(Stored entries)
>>>>>
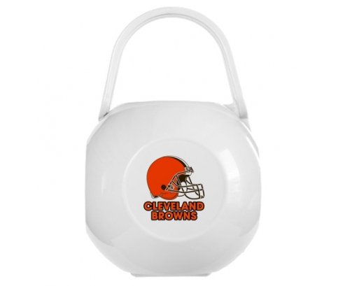 Boite à tetine personnalisée : Cleveland Browns , avec une impression en couleur et qui compléte toute la gamme ( tetine, attache-tetine, bavoir, chausson, body et bonnet).
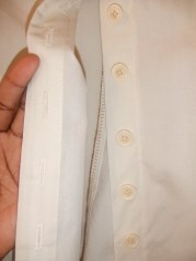 I left off the neckline facing because I couldn’t understand the directions and how it was supposed to go in. I also scrapped the drafted right fold, left fold, fold facing, etc. lines because when I followed the directions, the hidden button placket was two inches wide. HUGE.
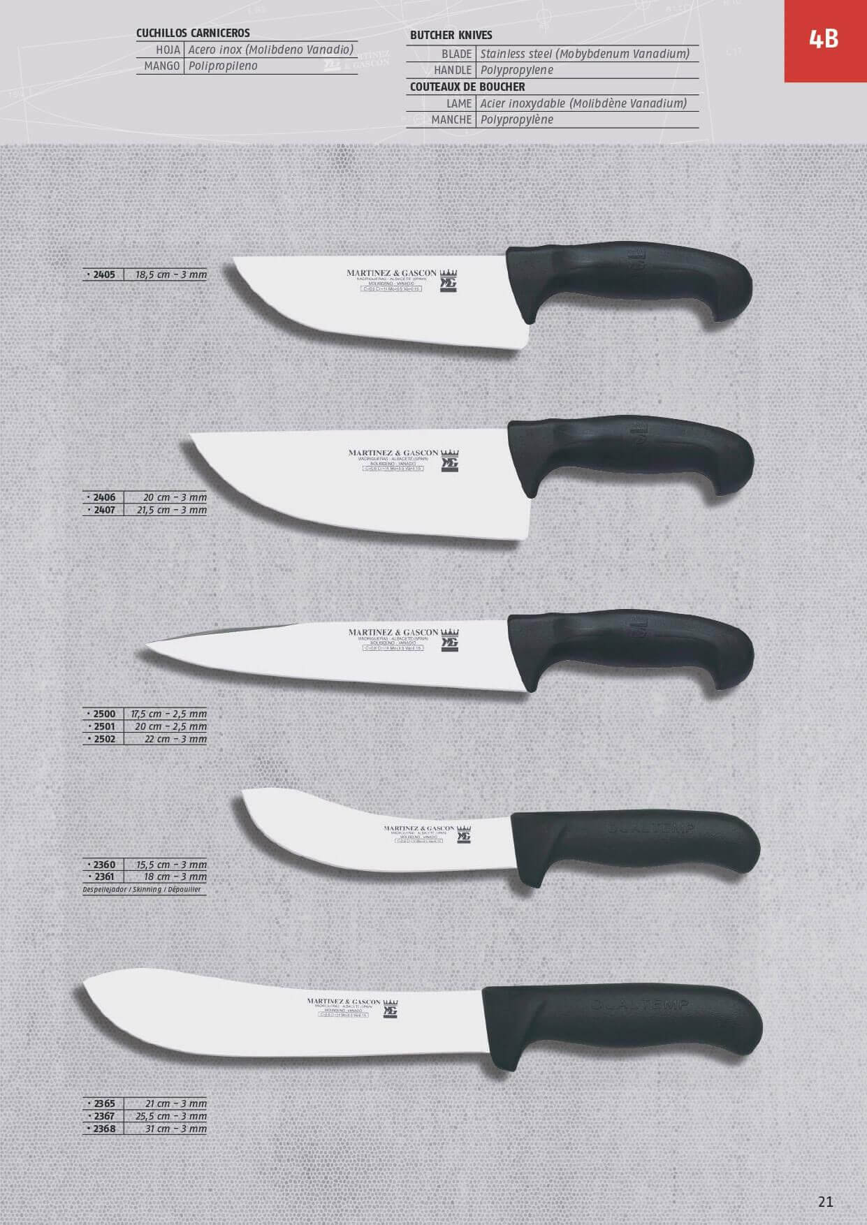 Coltelli da macellaio con lama in acciaio inox e manico in polipropilene.
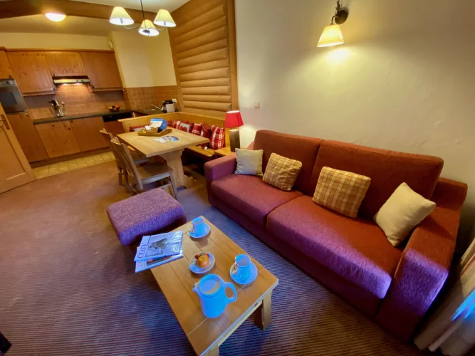 Rare apartment for sale! Spacious flat with a large bedroom and a closed mountain corner in the residence Auberge Jérôme, including a large kitchen open on the living room, a large bathroom and a nice balcony with nice view on the village and the mountains. Sold fully furnished and with a cellar. Ski out and ski back. This property is a Classic Freehold.
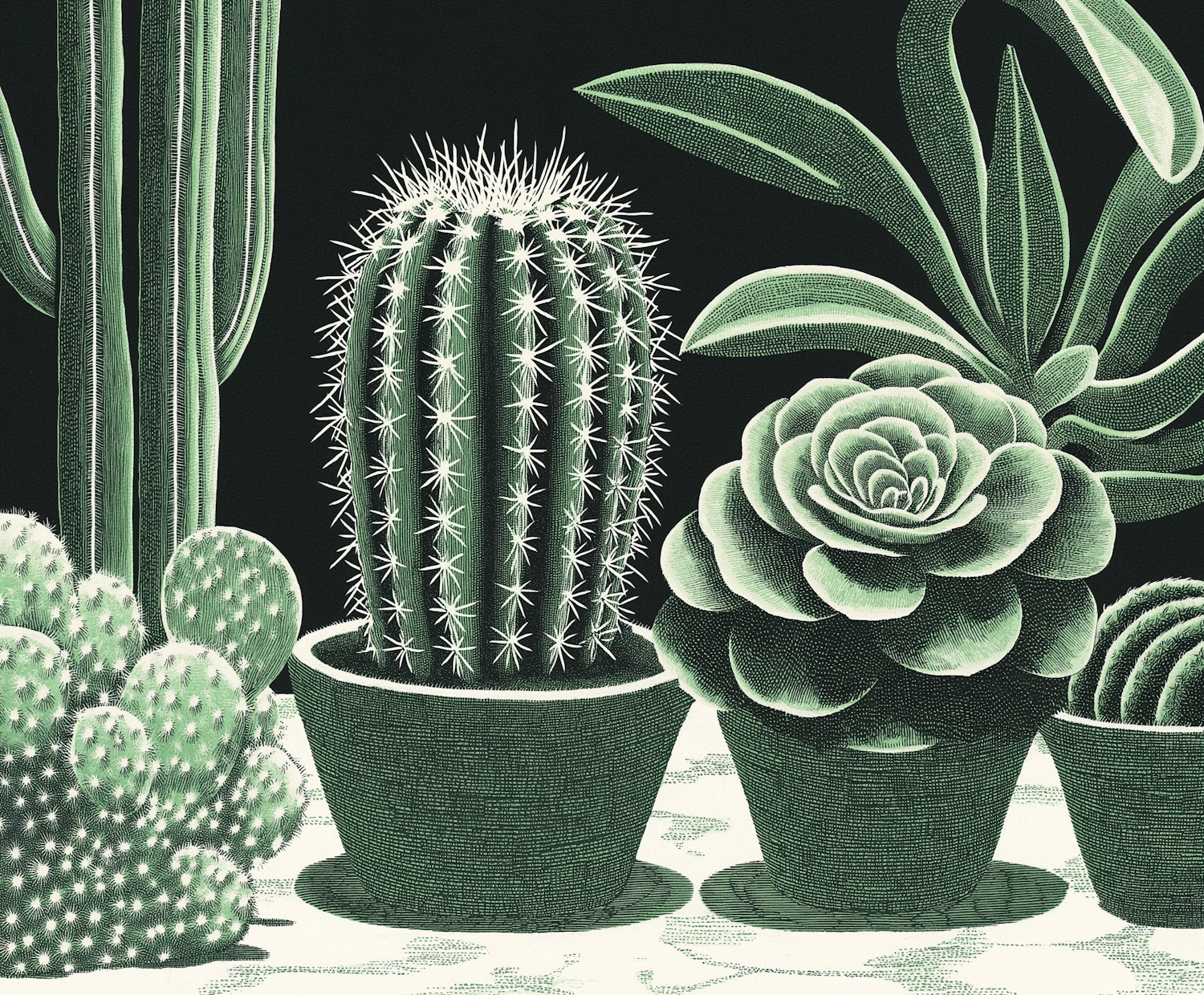 Intricate illustration of cacti and succulents in pots, featuring detailed textures and a dark green background.
<<<<<
**Aim of the exercise:**
Return only the lines running from the top of the data to the line that holds "Coltelli da macellaio". Include both of those lines, but skip the pictures.

**Solution for this task:**
 Boite à tetine personnalisée : Cleveland Browns , avec une impression en couleur et qui compléte toute la gamme ( tetine, attache-tetine, bavoir, chausson, body et bonnet).
 I left off the neckline facing because I couldn’t understand the directions and how it was supposed to go in. I also scrapped the drafted right fold, left fold, fold facing, etc. lines because when I followed the directions, the hidden button placket was two inches wide. HUGE.
 Coltelli da macellaio con lama in acciaio inox e manico in polipropilene.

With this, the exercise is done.